▸ **ASSIGNMENT**: Your task is to reproduce the listing exactly, without its images.

▸ **COLLECTED MATERIAL**:
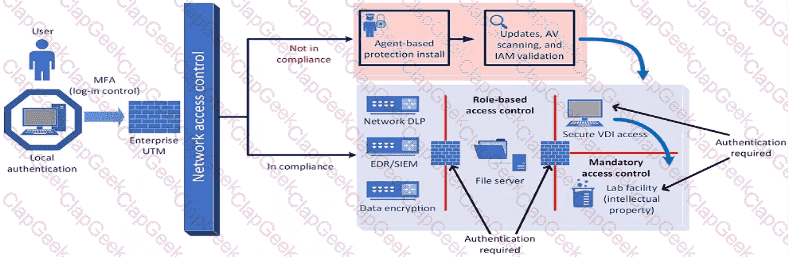 A company plans to implement a research facility with Intellectual property data that should be protected The following is the security diagram proposed by the security architect
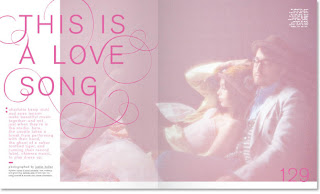Nicole Michalek and Kristin Eddington are the designers at Nylon. I might be wrong but judging from her website, I think Kristin does most of the typographic designs. I'm gonna see if I can get an interview with either of them as I absolutely love what they do. Here are some examples of the lovely spreads within Nylon:
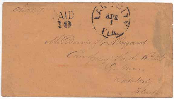 likely 1864) and handstamp PAID 10

▸ **PROBLEM SOLUTION**:
 A company plans to implement a research facility with Intellectual property data that should be protected The following is the security diagram proposed by the security architect
Nicole Michalek and Kristin Eddington are the designers at Nylon. I might be wrong but judging from her website, I think Kristin does most of the typographic designs. I'm gonna see if I can get an interview with either of them as I absolutely love what they do. Here are some examples of the lovely spreads within Nylon:
 likely 1864) and handstamp PAID 10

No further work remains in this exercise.